Web Crawler indexes only. The Data Ingestion API is available exclusively for indexes created on Web Crawler servers. If your index is not on a Web Crawler server, you will receive an ERROR_CORE_NOT_WEBCRAWLER_ENABLED error. To create a Web Crawler index, see Getting Started.
IP Restriction: If your index has IP restrictions enabled (under Security in the Index Control Panel), you must add the following IPs to the allowed list for the /update request handler — otherwise ingestion writes will be blocked with a 403 error:
  • 5.161.242.87 — api.opensolr.com (processes and writes documents)
  • 148.251.180.234 — opensolr.com (proxies requests)
Required Config Set: Data Ingestion requires the Web Crawler config set on your index. For Solr 9, download and apply the mandatory config set for Solr 9 (schema.xml, solrconfig.xml, search.xml + supporting text files). Upload it via Config in your Index Control Panel. A Solr 10 config set will be provided when available.

How It Works

Your App

POST JSON docs

API Gateway

Auth, rate limit, quota check, validate

Job Queue

Queued for async processing

Enrichment

Embeddings, sentiment, language, derived fields

Solr Index

Documents searchable

You submit a batch of up to 50 documents per request. The API validates your payload, checks your disk quota, and queues the job. A background processor then enriches each document and pushes it into your Solr index. You get a job_id immediately so you can poll for progress.

Endpoint Reference

Submit Documents

POST https://api.opensolr.com/solr_manager/api/ingest

// Parameters (form-encoded or JSON body):
email       = your@email.com
api_key     = your_api_key
core_name   = your_index_name
documents   = [JSON array of document objects]

Response:

{
  "status": true,
  "msg": "QUEUED",
  "job_id": "a1b2c3d4e5f6...",
  "total_docs": 25,
  "doc_ids": ["e8392e28...", "a3f1c9d0..."]
}

Check Job Status

GET https://api.opensolr.com/solr_manager/api/ingest_status

email       = your@email.com
api_key     = your_api_key
job_id      = a1b2c3d4e5f6...

Response:

{
  "status": true,
  "job": {
    "state_label": "completed",
    "total_docs": 25,
    "processed_docs": 25,
    "success_docs": 24,
    "failed_docs": 1,
    "result": [...per-doc details...]
  }
}

Document Fields

FieldTypeStatusDescription
uriURLrequiredCanonical URL that uniquely identifies this document.
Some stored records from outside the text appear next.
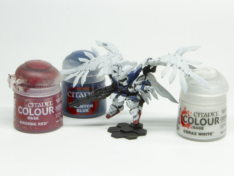本製品のようなミニチュアを塗装する場合、大きな面や段差の内で最も低い場所から、大きな筆を使って塗っていく。「ウイングガンダムゼロ EW」でいえば青が最も大きい面といえる。濃く暗い色から鮮やかな色に塗っていくため、今回はまず「カントール・ブルー」、「コラックス・ホワイト」、「コーン・レッド」から塗る。
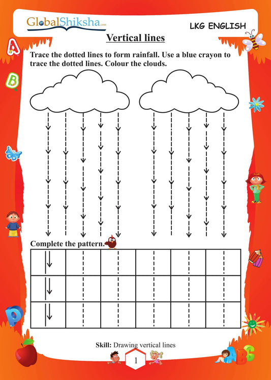 Printed Worksheets for Nursery/LKG - English ( 100 work sheets + 1 parental mannual )
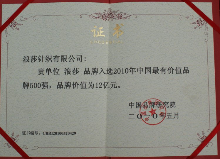 “浪莎”品牌入選2010年中國(guó)最有極致品牌500強(qiáng)
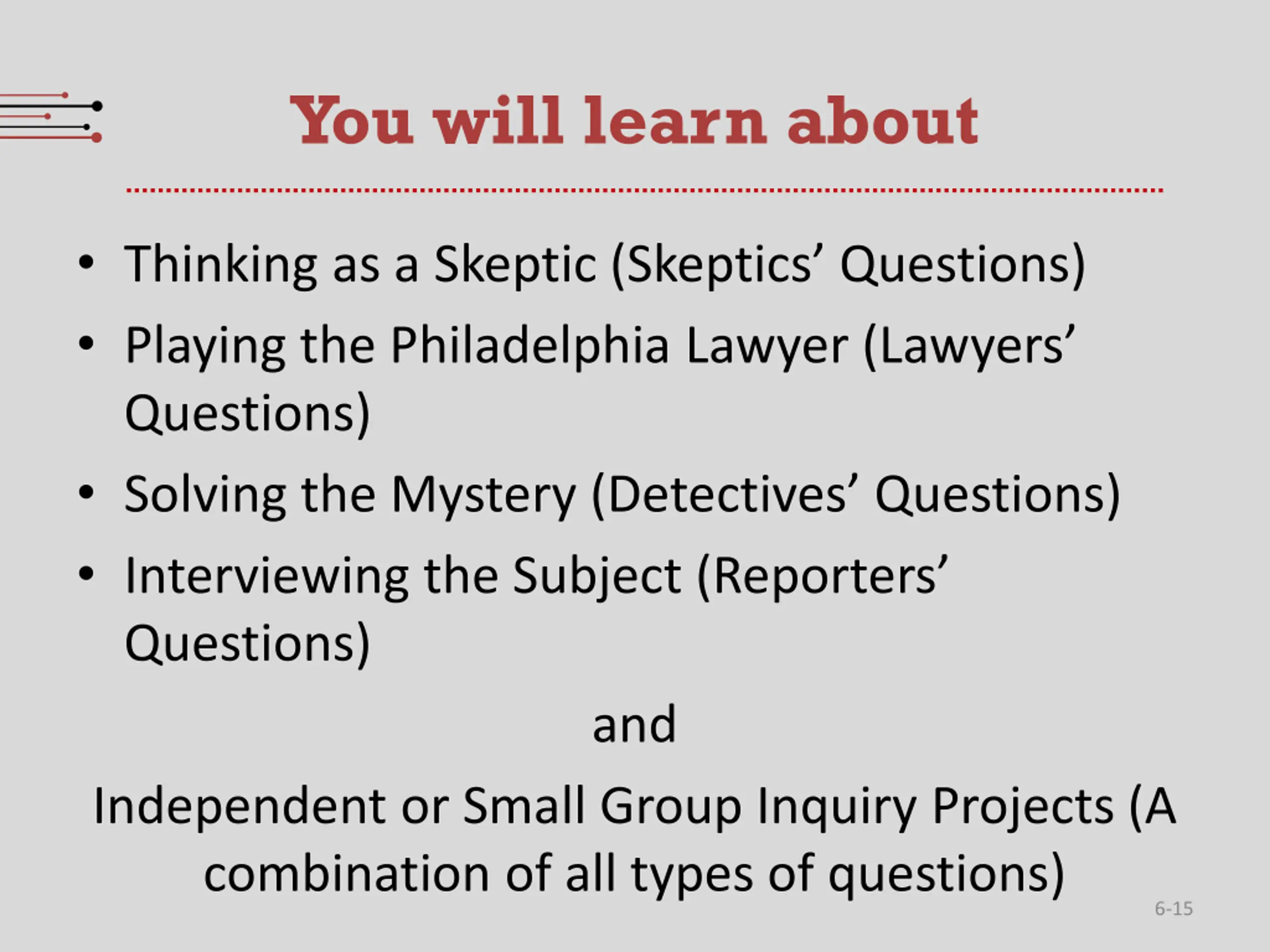 You will learn about Thinking as a Skeptic (Skeptics Questions) Playing the Philadelphia Lawyer (Lawyers Questions) Solving the Mystery (Detectives Questions) Interviewing the Subject (Reporters Questions) and Independent or Small Group Inquiry Projects (A combination of all types of questions) 6-15
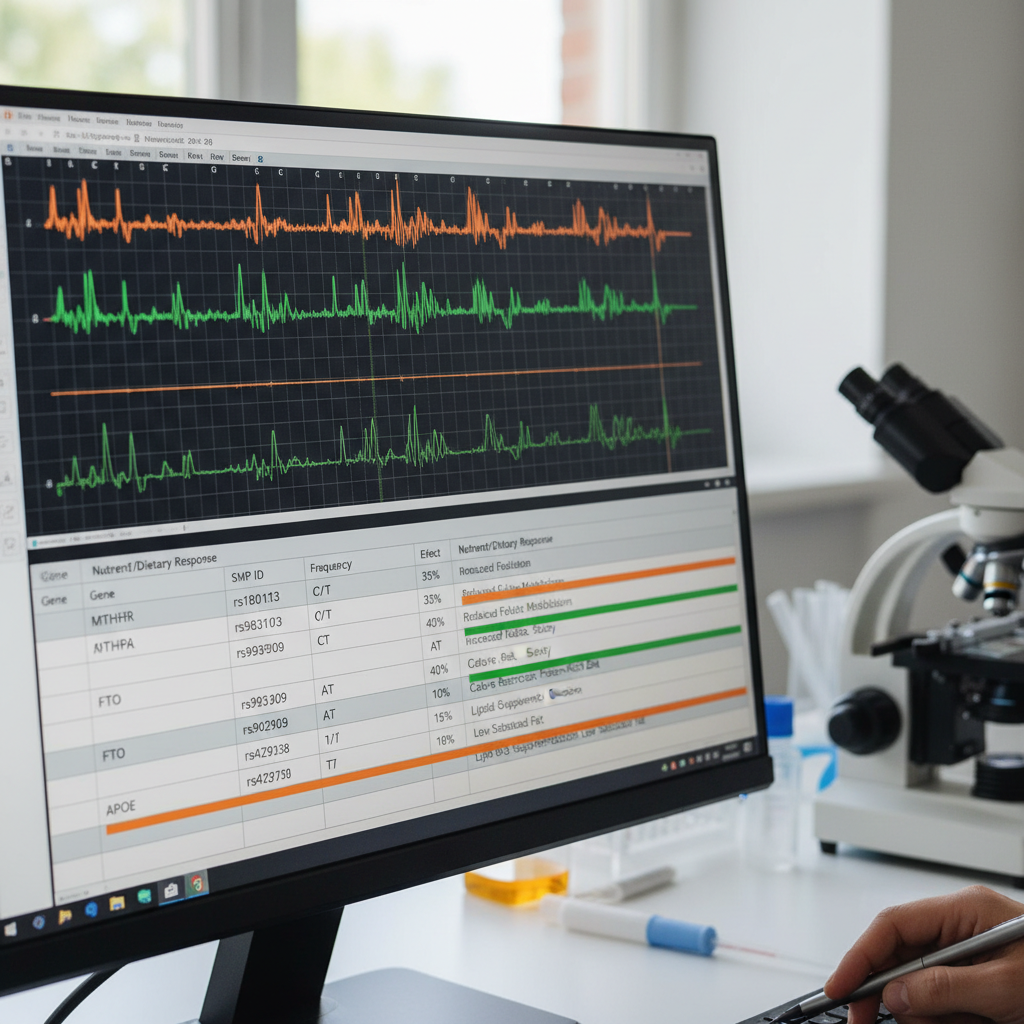 A nutrigenomic panel typically analyses 50–100 SNPs across pathways including methylation (MTHFR, MTR, MTRR), detoxification (GSTP1, CYP1A2), inflammation (IL-6, TNF-α, COX-2), lipid metabolism (APOE, APOC3, LPL), and vitamin metabolism (VDR, GC, DHCR7). Results guide personalised supplementation protocols — for example, MTHFR C677T homozygotes require methylfolate (not folic acid) and methylcobalamin (not cyanocobalamin).

Must be a valid http or https URL. The document id is always generated as md5(uri). Submitting a document with the same URI will update the existing document. Also used as the deduplication key — duplicate URIs in pending jobs are rejected.
titlestringrequiredDocument title. Always required.
descriptionstringrequiredShort description or summary.
textstringrequired*The main body text. Do not send HTML. Required for standard documents. When using rtf:true, this field is optional and will be auto-populated from the extracted document content.
idstringauto-generatedAlways generated as md5(uri). You do not set this — it is derived from the uri you provide. The same URI always produces the same ID, which is how deduplication and updates work. Returned in the API response as doc_ids.
timestampint or date stringrecommendedContent publication date. Unix epoch (1709913600) or parseable date string (2024-03-08 14:00:00). Used to derive creation_date and meta_creation_date for freshness boost in search.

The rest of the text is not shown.